What's That Noise?! [Ian Kallen's Weblog]

All | LAMP | Music | Java | Ruby | The Agilist | Musings | Commute | Ball
Main | Next month (Mar 2006) »

20060222 Wednesday February 22, 2006

Making Velocity Be Quiet About Resource Loading

I'd never dug into where velocity's annoying messages were coming from but I decided enough is enough already. These tiresome messages from velocity were showing up on every page load:

2006-02-22 12:08:02 StandardContext[/webapp] Velocity   [info] ResourceManager : found /path/to/resource.vm with loader org.apache.velocity.tools.view.servlet.WebappLoader
Such messages might be good for debugging your setup but once you're up and running, they're just obnoxious. They definitely weren't coming from the log4j.properties in the webapp. So I took a look at velocity's defaults. The logging properties that velocity ships with in velocity.properties concern display of stacktraces but the constant chatter in Tomcat's logs weren't in there either. So I unwrapped the velocity source and found it in org.apache.velocity.runtime.RuntimeConstants -- all I had to do is add this to velocity.properties and there was peace:
resource.manager.logwhenfound = false
Ah, much better!

They shoulda named that property resource.manager.cmon.feel.the.noise, seriously.

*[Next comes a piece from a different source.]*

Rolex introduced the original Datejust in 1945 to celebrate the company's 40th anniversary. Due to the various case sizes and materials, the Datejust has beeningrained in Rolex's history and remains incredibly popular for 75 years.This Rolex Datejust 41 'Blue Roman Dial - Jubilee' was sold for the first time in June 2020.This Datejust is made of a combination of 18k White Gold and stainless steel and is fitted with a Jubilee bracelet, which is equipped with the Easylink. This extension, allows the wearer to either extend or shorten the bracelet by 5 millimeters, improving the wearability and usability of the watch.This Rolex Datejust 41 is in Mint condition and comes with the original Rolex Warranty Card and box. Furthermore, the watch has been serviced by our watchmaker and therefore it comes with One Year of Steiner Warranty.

( Feb 22 2006, 12:40:20 PM PST ) Permalink


20060213 Monday February 13, 2006

URL.hashCode() Busted?

I did a double take on this:

        HashSet set = new HashSet();
        set.add(new URL("http://postsecret.blogspot.com"));
        set.add(new URL("http://dorion.blogspot.com"));
        for (Iterator it = set.iterator(); it.hasNext();) {
            System.out.println(it.next());
        }
I was expecting to get output like
http://postsecret.blogspot.com
http://dorion.blogspot.com
or
http://dorion.blogspot.com
http://postsecret.blogspot.com
But all that I got was
http://postsecret.blogspot.com

Hmmm....

The java.net.URL javadoc says what I'd expect "Creates an integer suitable for hash table indexing." So I tried this:

        URL url1 = new URL("http://postsecret.blogspot.com");
        URL url2 = new URL("http://dorion.blogspot.com");
        System.out.println(url1.hashCode() + " " + url1);
        System.out.println(url2.hashCode() + " " + url2); 
and got this
1117198397 http://postsecret.blogspot.com
1117198397 http://dorion.blogspot.com
I was expecting different hashCode's. Either java.net.URL is busted or I'm blowing it and my understanding of the contract with java.lang.Object and its hashCode() method is busted.

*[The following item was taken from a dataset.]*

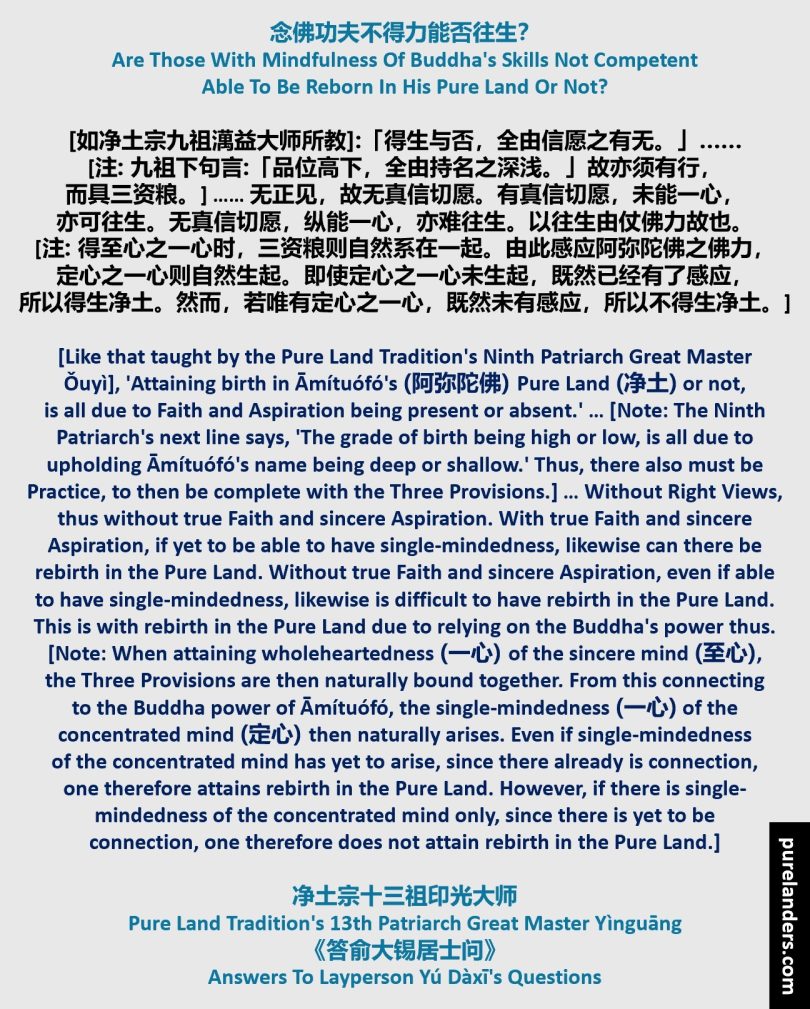 Answer: [Like that taught (by the) Pure Land Tradition’s Ninth Patriarch Great Master Ǒuyì], ‘Attaining birth [in Āmítuófó’s (阿弥陀佛) Pure Land (净土)] or not, [is] all due [to] Faith [and] Aspiration [being] present [or] absent.’ How can [there be] nonsensical talk [and] idle chat [about this, that is] not with that [which] ancient persons speak for guidance?

( Feb 13 2006, 07:37:29 PM PST ) Permalink


20060208 Wednesday February 08, 2006

BerkeleyDB's "Tied Hash" for Java

One of the really wonderful and evil things about Perl is the tie interface. You get a persistent hash without writing a boat load of code. With Sleepycat's BerkeleyDB Java Edition you can do something very similar.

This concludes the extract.